If m is an integer, is m odd?
(1) \(1 + m^2\) is an odd integer.
(2) \(5m - 2\) is an even integer.

• A. Statement (1) ALONE is sufficient, but statement (2) alone is not sufficient.
• B. Statement (2) ALONE is sufficient, but statement (1) alone is not sufficient.
• C. BOTH statements TOGETHER are sufficient, but NEITHER statement ALONE is sufficient.
• D. EACH statement ALONE is sufficient.
• E. Statements (1) and (2) TOGETHER are NOT sufficient.

Hint:

For Yes/No data sufficiency questions, a statement is sufficient if it gives a conclusive answer, either always "Yes" or always "No". If a statement allows for both possibilities, it is not sufficient.

Answer 1

The Correct Option is D

Step 1: Understanding the Concept:
The question is a Yes/No question about the parity (evenness or oddness) of an integer \(m\). A statement is sufficient if it allows us to give a definitive "Yes" or a definitive "No" answer.
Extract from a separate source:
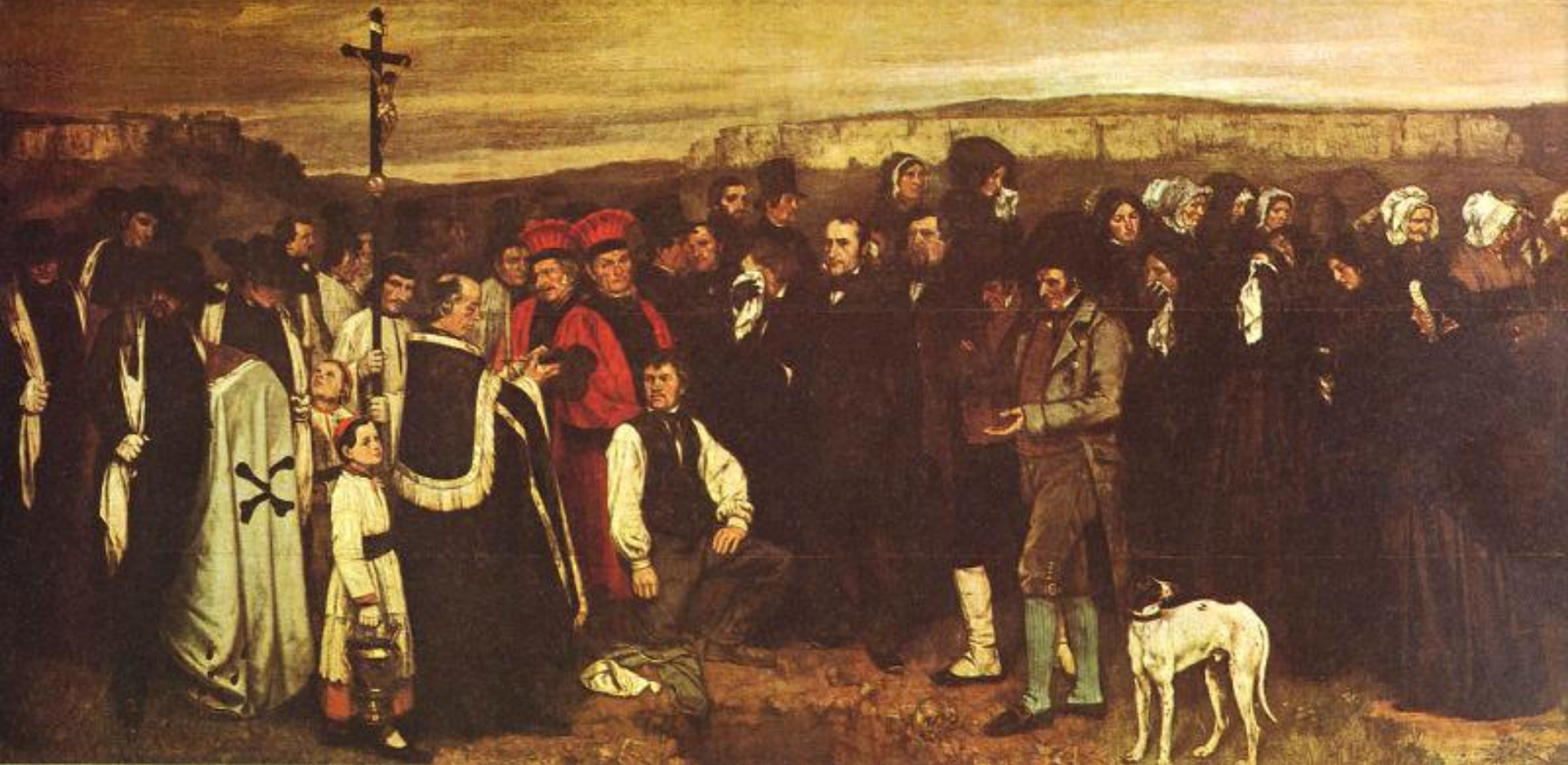
Burial at Omans Gustave Courbet

We need to use the properties of even and odd numbers.
- Even + Even = Even; Odd + Odd = Even; Even + Odd = Odd
- Even \(\times\) Any Integer = Even; Odd \(\times\) Odd = Odd
Step 2: Detailed Explanation:
Analyzing Statement (1):
We are given that \(1 + m^2\) is an odd integer.
Since 1 is an odd number, we have:
\[ \text{Odd} + m^2 = \text{Odd} \]
For this to be true, \(m^2\) must be an even number (because Odd + Even = Odd).
If \(m^2\) is even, then the integer \(m\) must also be even. (If \(m\) were odd, \(m^2 = m \times m = \text{odd} \times \text{odd} = \text{odd}\)).
So, statement (1) implies that \(m\) is even.
This provides a definitive "No" to the question "is m odd?". Therefore, statement (1) alone is sufficient.
Analyzing Statement (2):
We are given that \(5m - 2\) is an even integer.
Since 2 is an even number, we have:
\[ 5m - \text{Even} = \text{Even} \]
For this to be true, \(5m\) must be an even number (because Even - Even = Even).
The product of two integers is even if at least one of them is even. Since 5 is an odd number, for the product \(5m\) to be even, \(m\) must be an even integer.
So, statement (2) implies that \(m\) is even.
This also provides a definitive "No" to the question "is m odd?". Therefore, statement (2) alone is sufficient.
Step 3: Final Answer:
Both statements independently lead to the conclusion that \(m\) is even, thus providing a definite "No" to the question. Therefore, each statement alone is sufficient.